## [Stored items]

######

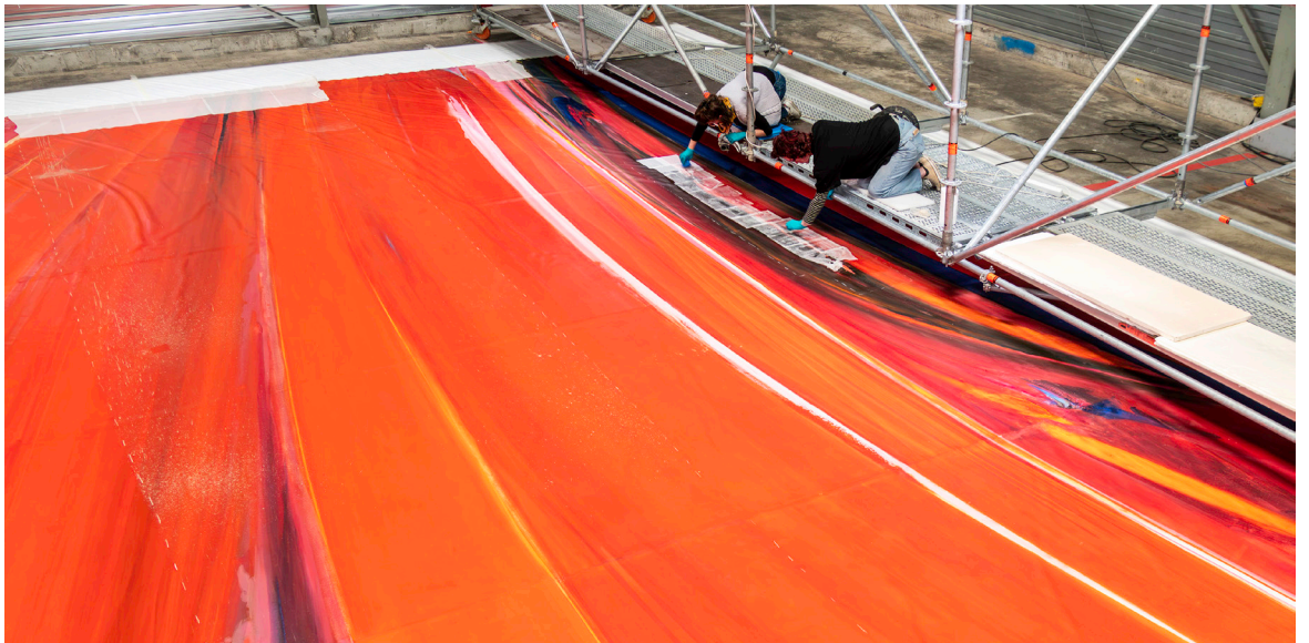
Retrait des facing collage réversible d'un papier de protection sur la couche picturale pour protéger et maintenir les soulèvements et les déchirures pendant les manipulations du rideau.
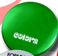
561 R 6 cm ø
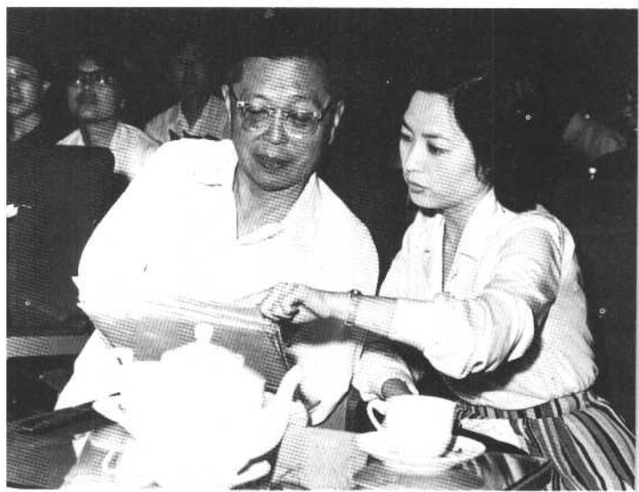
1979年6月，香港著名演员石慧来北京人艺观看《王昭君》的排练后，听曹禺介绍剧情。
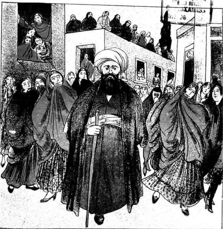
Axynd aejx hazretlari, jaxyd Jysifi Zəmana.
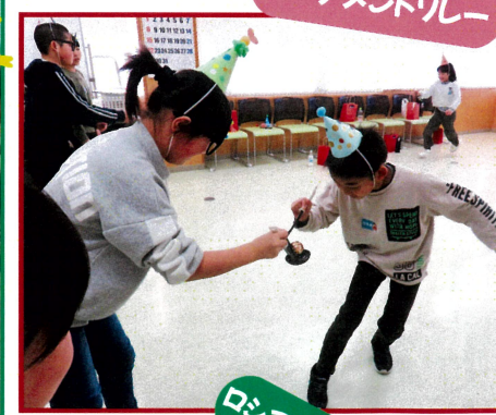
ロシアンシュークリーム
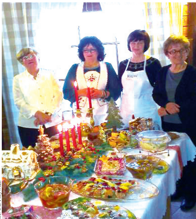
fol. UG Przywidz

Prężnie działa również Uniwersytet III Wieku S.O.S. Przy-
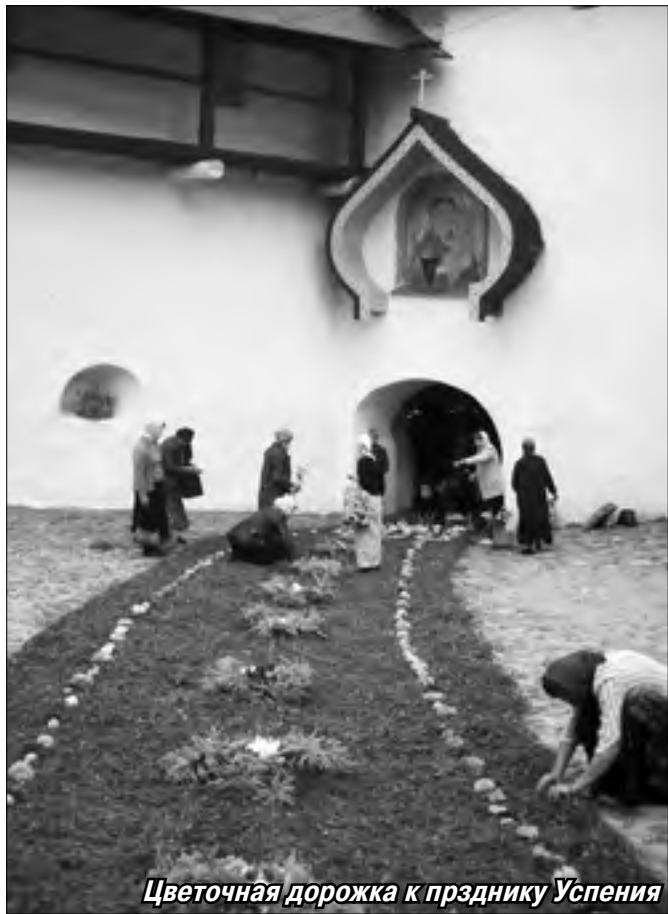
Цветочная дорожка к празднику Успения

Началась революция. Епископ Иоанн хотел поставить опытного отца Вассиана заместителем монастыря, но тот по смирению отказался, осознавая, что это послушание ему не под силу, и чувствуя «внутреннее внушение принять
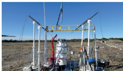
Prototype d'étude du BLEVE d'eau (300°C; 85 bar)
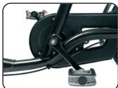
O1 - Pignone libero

######

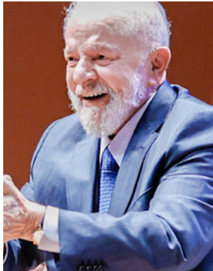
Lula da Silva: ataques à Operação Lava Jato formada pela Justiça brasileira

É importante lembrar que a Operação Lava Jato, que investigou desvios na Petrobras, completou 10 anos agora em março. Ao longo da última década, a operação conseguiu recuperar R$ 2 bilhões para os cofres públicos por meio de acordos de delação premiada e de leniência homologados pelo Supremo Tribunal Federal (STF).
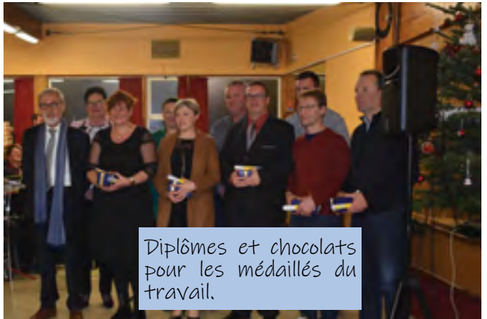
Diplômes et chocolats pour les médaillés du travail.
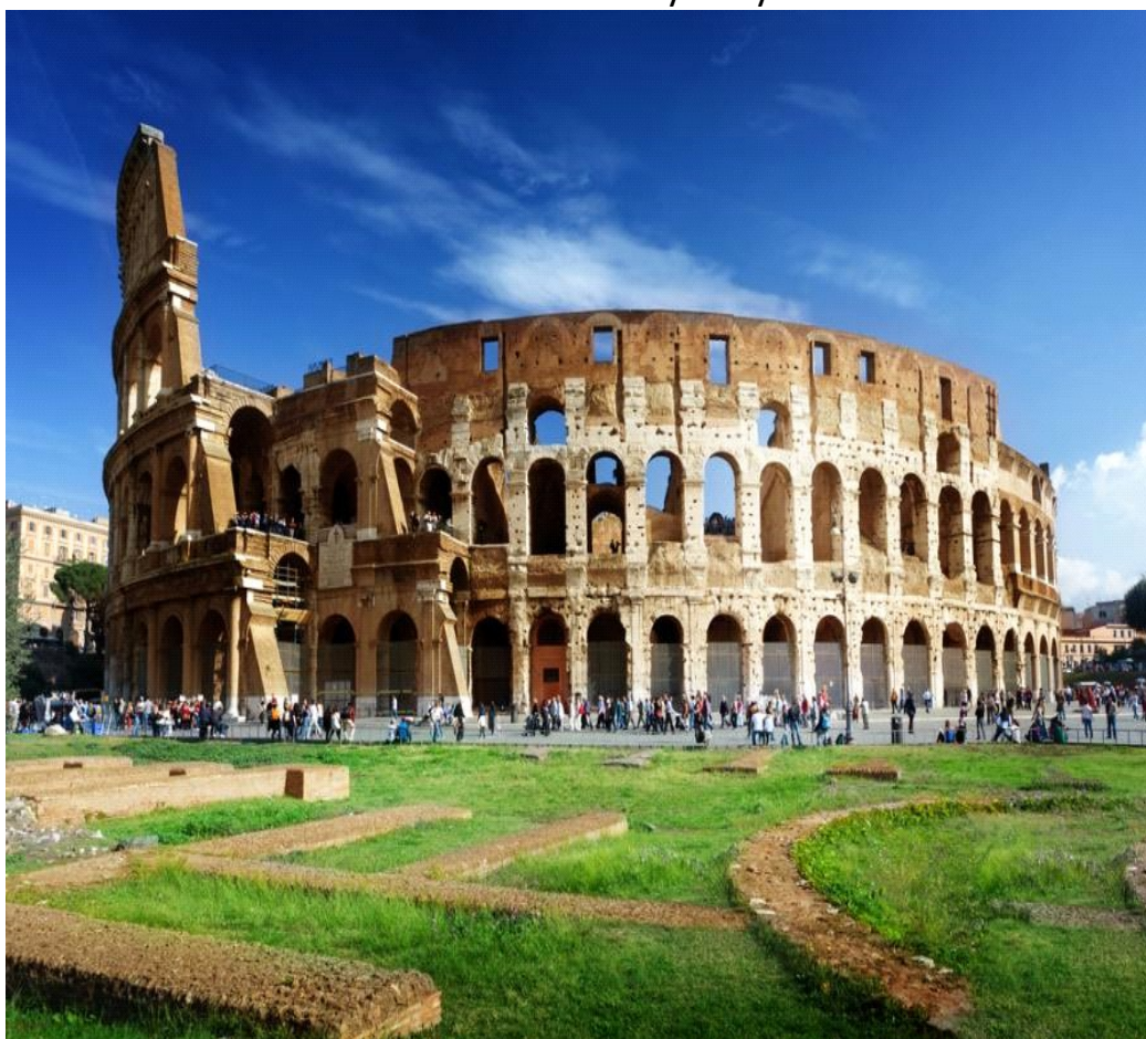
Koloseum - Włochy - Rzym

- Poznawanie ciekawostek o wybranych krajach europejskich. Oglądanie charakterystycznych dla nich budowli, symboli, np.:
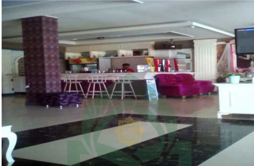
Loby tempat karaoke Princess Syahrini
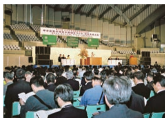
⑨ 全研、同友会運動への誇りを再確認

######

## [Task requirements]
Although the records hold pictures, the copy must not; give again exactly the lines from the one with "Lula da Silva: ataques" through the one with "- Poznawanie ciekawostek".

## [Written response]
Lula da Silva: ataques à Operação Lava Jato formada pela Justiça brasileira

É importante lembrar que a Operação Lava Jato, que investigou desvios na Petrobras, completou 10 anos agora em março. Ao longo da última década, a operação conseguiu recuperar R$ 2 bilhões para os cofres públicos por meio de acordos de delação premiada e de leniência homologados pelo Supremo Tribunal Federal (STF).
Diplômes et chocolats pour les médaillés du travail.
Koloseum - Włochy - Rzym

- Poznawanie ciekawostek o wybranych krajach europejskich. Oglądanie charakterystycznych dla nich budowli, symboli, np.:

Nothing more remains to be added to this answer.